Elasticsearch Zen discovery

We are having an issue with an issue with Ubuntu kernel causing the machine running elasticsearch to hung.
While the machine in this state (it only solve after restart) no API call to elasticsearch (or even SSH to the server) is returning result, though elasticsearch continues to identify the server as part of the cluster (because the way Zen discovery works). It means that the server not responding while the master does not remove it from the cluster.

Any ideas?

This sounds about right.

@dudidu
How many nodes in this cluster?
Can you share the elasticsearch.yml
It would be interesting to see what the discovery.zen.minimum_master_nodes is set to.

Total of 78 elasticsearch nodes:

6 clients nodes
3 master nodes
39 data nodes (hot)
30 data nodes (cold)

elasticsearch.yml

cluster.name: tier-1

node.name: prod-elasticsearch-data-038
node.master: false
node.data: true

node.attr.box_type: L8

http.cors.enabled: true

http.cors.allow-origin: "*"

path.data: /mnt
path.logs: /var/log/elasticsearch

bootstrap.memory_lock: true

network.bind_host: ["_site_", "_local_"]

network.publish_host: _eth0:ipv4_

discovery.zen.ping.unicast.hosts: ["prod-elasticsearch-master-001", "prod-elasticsearch-master-002", "prod-elasticsearch-master-003"]
discovery.zen.minimum_master_nodes: 2

action.destructive_requires_name: false

thread_pool.bulk.queue_size: 3000

discovery.zen.minimum_master_nodes: 2

What version are you on?
What kernel?
What JVM?

That's likely to cause more problems than it is worth.

Elasticsearch version: Version: 6.2.4

JVM version: openjdk 1.8.0_171

OS version: Linux prod-elasticsearch-data-010 4.13.0-1011-azure #14-Ubuntu SMP Thu Feb 15 16:15:39 UTC 2018 x86_64 x86_64 x86_64 GNU/Linux

This sounds like it's a known kernel bug: https://bugs.launchpad.net/ubuntu/+source/linux-azure/+bug/1772264

1 Like

There is no simple solution to this.

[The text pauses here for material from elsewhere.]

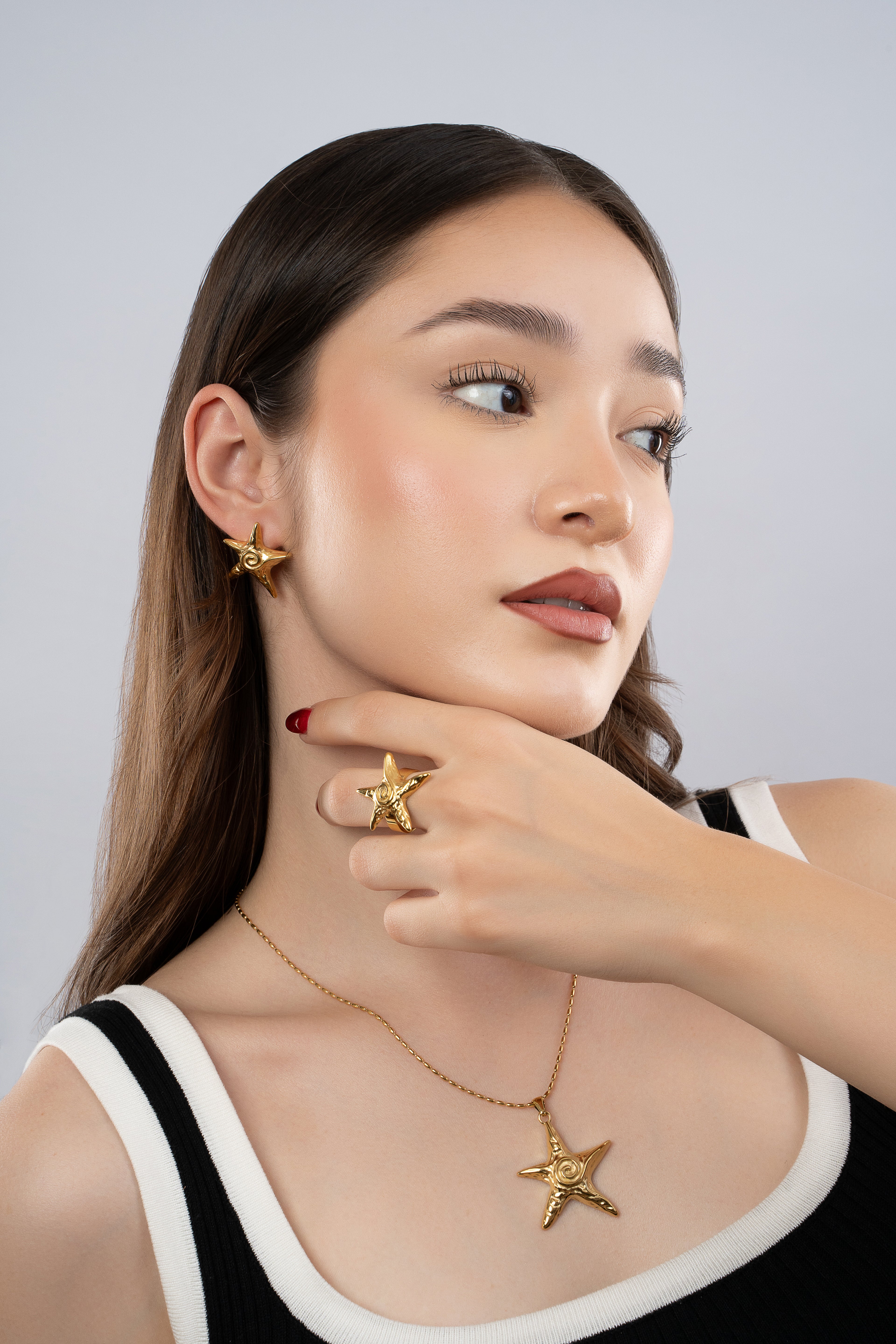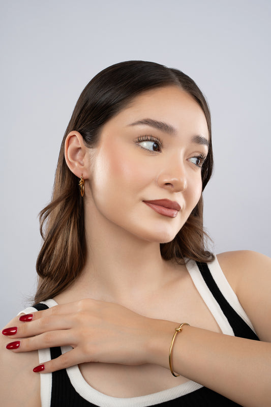 Nuestras joyas están elaboradas con materiales de alta calidad, incluyendo latón y oro de 18k. Cada pieza es seleccionada cuidadosamente para garantizar durabilidad y belleza.

Nodes that are completely working or completely broken are easy to identify, but in this case AIUI the faulty node is neither: it just repeatedly hangs for a while and then starts working again. Each time this happens it looks to the master node like a transient network issue. There is no "correct" way to deal with this to this, only heuristics, and Elasticsearch's heuristics are quite conservative in their detection of faulty nodes because removing a node and reallocating all its shards can be quite expensive.

1 Like

Is there any workaround we can use?

It seems that there is a known issue with ubuntu kernel causing the machine to hung, which currently does not have a fix (A kernel fix should be released in the next couple of weeks).

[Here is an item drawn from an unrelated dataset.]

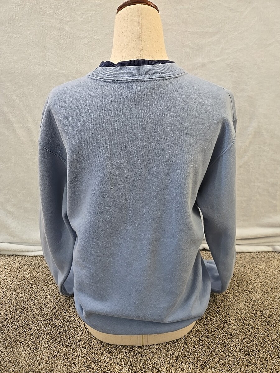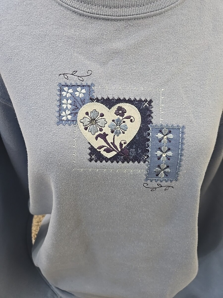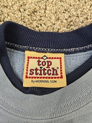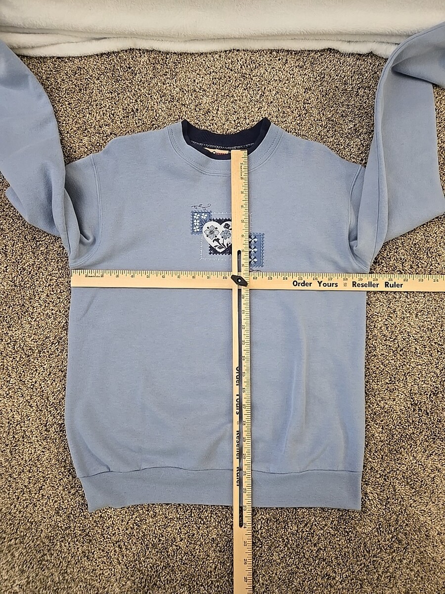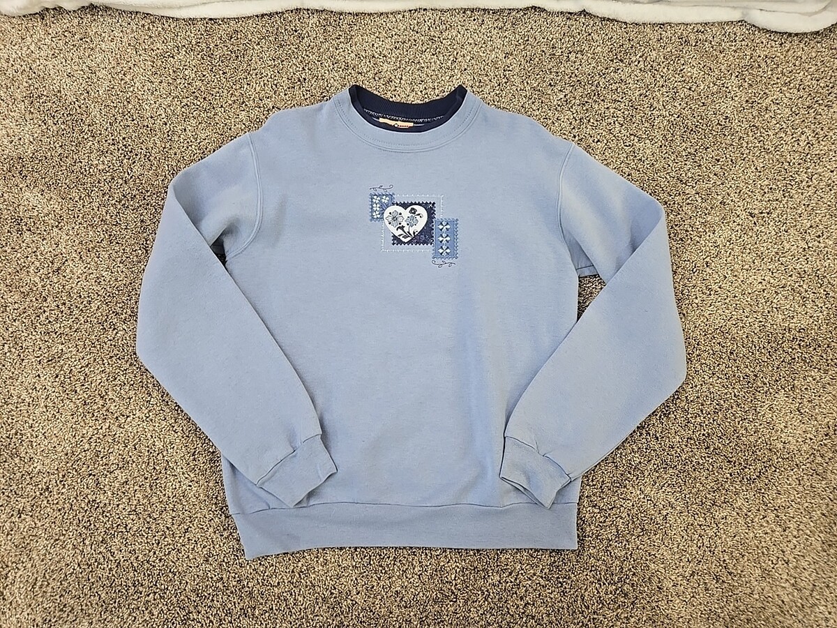 The Top Stitch Morning Sun Vtg 90s Valentines Cottagecore Sweatshirt is a women's size small vintage sweatshirt from the 1990s. It features a blue color with a special occasion arts crafts look, made of original cotton material in Mexico. This sweatshirt, with its unique design, is perfect for those who appreciate vintage clothing and want to add a touch of nostalgia to their wardrobe.

Can you please elaborate on why and to what it should change?
Without this value we will get rejected.

Rolling back to a non-buggy kernel version is all I can suggest. I've had a quick look, but can't find details on when this bug was introduced, sorry. The discussion about this kernel issue all seems to be in the last month or so.

These people rolled back to 4.11 which fixed it for them, if that helps.

This topic was automatically closed 28 days after the last reply. New replies are no longer allowed.